An FDA perspective on the use of 3D printing in medical applications |

An FDA perspective on the use of 3D printing in medical applications

3D printed jawAn FDA perspective on the use of 3D printing in medical applications (Plastics Today)

A dedicated follower of 3D printing in the medical space, Steven K. Pollack, PhD, Director of the Office of Science & Engineering Labs at FDA, will participate in a panel discussion on 3D printing at next month’s MD&M West exhibition and conference. In addition to the regulatory issues surrounding 3D printing, industry experts, researchers, and academics will discuss material developments, functional prototyping, bioprinting, and IP concerns during the daylong conference. In advance of the session, which is scheduled for Feb. 10, 2015, at the Anaheim Convention Center in Anaheim, CA, Pollack agreed to answer some questions related to FDA’s perspective on 3D printing.

Back in October, FDA organized a 3D-printing workshop in the company of an array of stakeholders. I have heard some positive remarks from industry participants. What were your impressions?

We were very happy with the 3D-printing workshop in October. The presenters and participants came from all aspects of the industry—OEMs, device manufacturers, testing labs, hospitals, and government agencies. Given the breadth of perspectives and expertise, there was a surprising amount of agreement on the core issues with 3D printing of medical devices. The majority of participants emphasized that close attention to quality control and process validation procedures was essential to their success. We certainly thought the conversations with stakeholders, both formal and informal, were very productive. Many participants were excited to see that the FDA is addressing 3D printing at this early stage of its adoption in medical devices.

What do you see as FDA’s primary challenges when it comes to regulating the use of 3D printing in the medical device arena?

3D printing techniques have different technical considerations than standard manufacturing, with each type of 3D printing technology having its own specific set of considerations. However, devices constructed using 3D printing technology are subject to the same regulatory review standards as devices constructed using traditional manufacturing practices.

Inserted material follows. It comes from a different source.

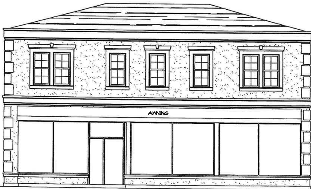
FRONT ELEVATION - EFIS FINISH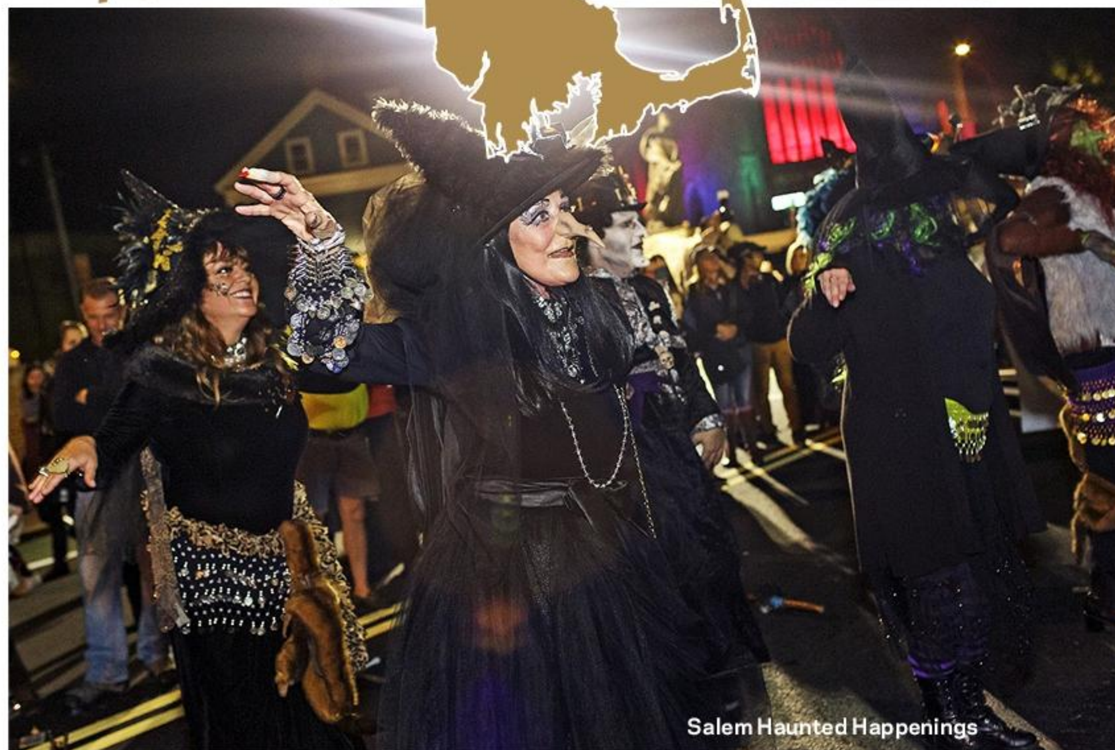
Salem Haunted Happenings

Traditional manufacturing settings have design controls and systems, such as for complaint handling, that 3D printing settings may not have. Devices manufactured using 3D printing technology may need additional or different testing than what is normally performed for products that are manufactured using traditional (subtractive) techniques. As 3D printing technology develops, FDA may provide further clarity on quality control issues such as material qualifications and sterility.

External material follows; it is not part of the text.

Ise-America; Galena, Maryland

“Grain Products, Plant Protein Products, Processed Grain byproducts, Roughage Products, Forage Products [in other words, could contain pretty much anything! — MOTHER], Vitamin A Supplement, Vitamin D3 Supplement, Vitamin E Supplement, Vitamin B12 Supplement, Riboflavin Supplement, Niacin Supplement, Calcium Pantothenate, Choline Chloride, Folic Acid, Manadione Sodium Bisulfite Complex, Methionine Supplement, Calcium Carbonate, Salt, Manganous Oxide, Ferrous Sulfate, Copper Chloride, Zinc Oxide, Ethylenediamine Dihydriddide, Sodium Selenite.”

What advice would you give to designers/developers intending to use 3D printing in a medical application to optimize their interactions with FDA?

To optimize interactions with the FDA and achieve timely clearance with 3D printing or other novel technologies, we recommend that anyone wishing to submit an application schedule a pre-submission meeting (or Q-sub) to directly interact with the review team who will ultimately be reviewing the device submission. This is a free meeting that allows early interaction with the FDA. More on this process can be found here.

As with other manufacturing techniques, understanding the technology is key. Their strong understanding of the capabilities and limitations of the 3D printing processes can facilitate interactions with the FDA regarding device design and testing.

Can you give us a brief preview of the topics that you intend to touch on at MD&M West?

I will be presenting what our experience has been in devices that have either incorporated 3D printing into the manufacturing process of existing medical devices or where new devices have been wholly enabled by this technology. I will discuss where our existing regulatory framework is adequate to handle safety and efficacy questions that this technology can raise and when it raises new regulatory questions. Finally, I will be discussing the ramifications of a manufacturing technology that can allow for in situ manufacturing of patient medical devices in the healthcare facility.

“Enter the 3D Printing Era” is one of three conference tracks scheduled for Feb. 10 at MD&M West, the largest medtech event in the United States, in Anaheim, CA. The three day exhibition and conference is co-located with PLASTEC West at the Anaheim Convention Center from Feb. 10 to 12.